Monday, August 21, 2006

Anatomy of a Mixed Tape, Track the Fifth

5. Stupid Mouth Shut—Hem

Hem - Rabbit Songs - Stupid Mouth Shut

Hem’s another band I got into when I was DJing at KXUA, this time in the spring of my senior year. This wistful Brooklyn “countrypolitan” group is special to many of my friends, not least for their first album, Rabbit Songs, which opens with a lo-fi tape recording of Hem’s singer, Sally Ellyson, singing a bit of lullaby called “Lord, Blow the Moon Out, Please”—an audition of sorts in response to the singer-seeking ad that band leader Dan Messe had posted in The Village Voice.

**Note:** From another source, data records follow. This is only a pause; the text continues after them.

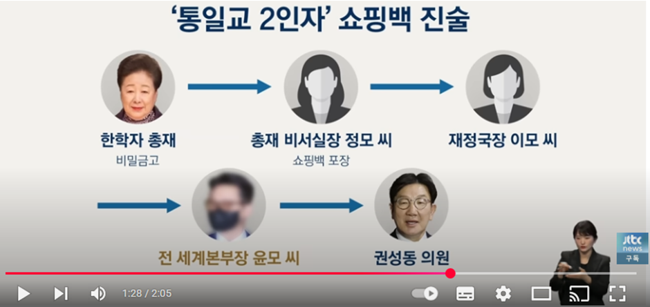 그리고 2025.08.07. JTBC뉴스에서는 “통일교 한학자 금고→ 최측근 포장 → 2인자→권성동” 이라는 구체적인 보도도 하였다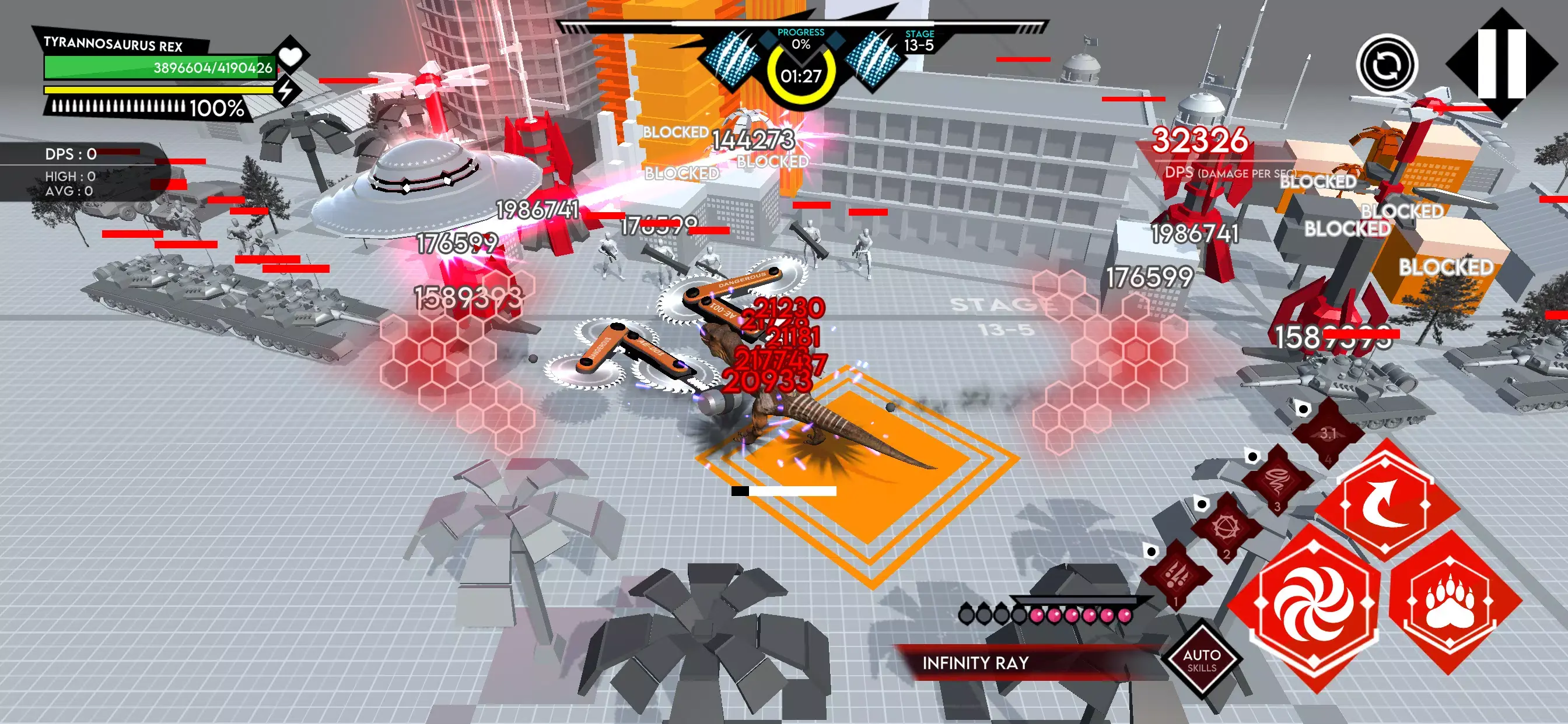 MechaDinoCitySmash是动作模拟游戏,设定在恐龙宇宙,操控基因强化机甲恐龙霸王龙破坏城市。有狂暴行动玩法、UFO支援等,具风格化视觉设计,能升级恐龙进化力量,带来高能破坏体验。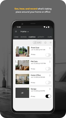 Total Connect 2.0 tarjoaa kattavat työkalut kiinteistösi hallintaan. Kytke turvajärjestelmäsi helposti päälle tai pois päältä. Tarkastele korkearesoluutioista live- tai tallennettua videokuvaa useista kameroista, tai juttele etuovellasi olevien vieraiden kanssa, ikään kuin olisit itse paikalla. Voit myös avata tai lukita ovia, sytyttää tai sammuttaa valoja ja säätää Resideon termostaattisi lämpötilaa mukavuutesi mukaan. Lisäksi voit avata ja sulkea autotallin oven etänä, varmistaen, että kiinteistösi on aina suojattu ja juuri sellainen kuin haluat sen olevan.
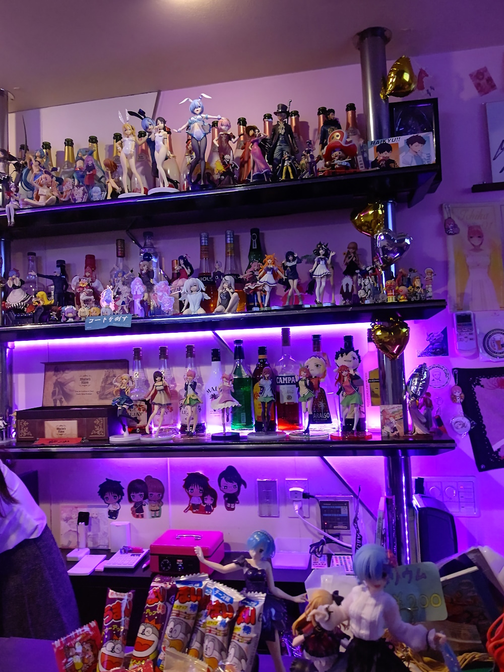 Review A bar kind of "out on it's own", near Fukaebashi subway station. It has nice seats, karaoke and loads of figures. I went on a Tuesday night, but there were still some regulars turning up, it was a pretty fun time overall. That said, the mama was pushing me to buy a drink for her, which left a bad taste in the mouth. She did look a bit like Chae Seung-Ha* from certain angles, though, so I obliged with the one. Somebody else turned up with cucumbers and daikon, and made her own bar snacks right then and there, which were then sold to the cusomers for ¥300 each. Another regular did a ton of karaoke by himself. Oh, and there's also a slot machine! In Japan you can't put money directly in those, though. I don't know if they have "tokens", or if it's just for show - a lot of the ones in the not-casinos have anime themes. They are associated with Lustier. * - If ya know, ya know! |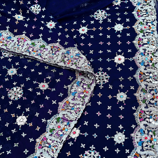 Indian Vintage Heavy Sari Blue Pure Georgette Silk Hand Embroidered Sarees Craft Fabric 5Yd Sewing Ethnic Zardozi/dabka zari Wedding sarees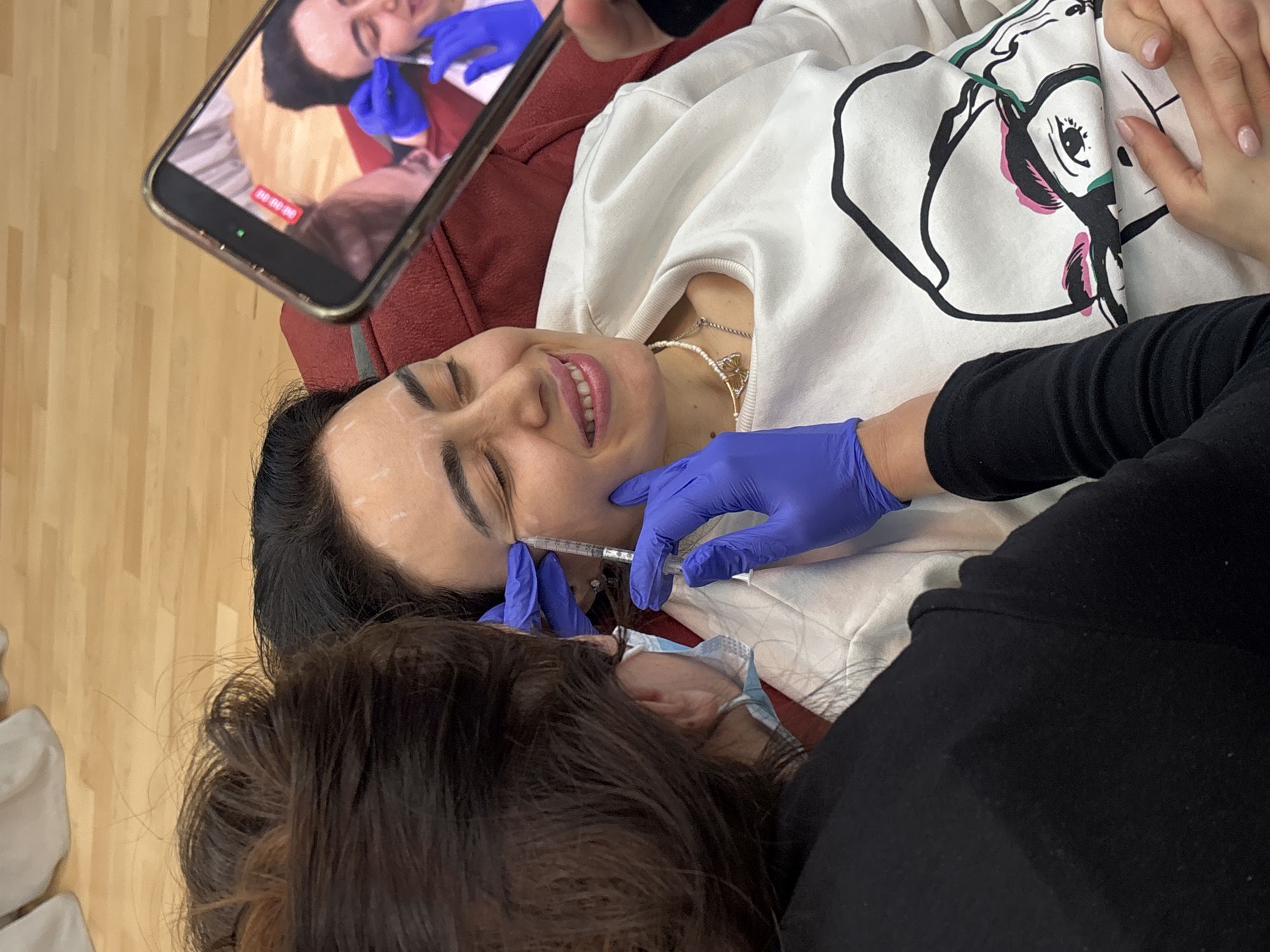 woman lying on a red couch receiving a cosmetic injection in her face. She is wearing a white sweatshirt with a cartoon graphic on the front and a pearl necklace. A person wearing blue gloves is administering the injection. Another person is filming the procedure on a smartphone. The smartphone display shows a recording of the same procedure. A person with dark, wavy hair is standing beside the woman receiving the injection, partially visible. The background includes a wooden floor and a white object, possibly furniture. While a precise location cannot be identified, the setting may be a clinic or cosmetic practice. The city of Tbilisi, Georgia, is a requested detail but is not explicitly evident in the image.

Mr. Messe writes the words and Ms. Ellyson sings them. And what words and what a voice they are: you’ll have to hear Ms. Ellyson sing to get the full effect, but Mr. Messe’s words are impressive on their own, full of surprising turns of phrase:

The sidewalk bends where your house ends
Like the neighborhood is on its knees
You’re surrounded by a chain-link fence
That keeps me out but lets me see

Well I come by most every night
The shutters pounding in the breeze
A clothesline strung like paper kites
That blow my words right back at me

But someday when my heart exhales
I’ll tell you everything
These sweet words spilling all about us
I’ll say please please be with me
And I’ll breathe so easily
But instead I’m turning blue
I look at you
And keep my stupid mouth shut

The hall light streams out through the screens
And the shadows capture me in webs
Just tangled up in what I’ve seen
And every word I have not said
I have not said

‘Cause the sidewalk bends where your house ends
Like the neighborhood is on its knees

It’s lazy, screened-in summer porch, on the bed with the ceiling fan turning unproductively music. And very American, in the best sense of the word.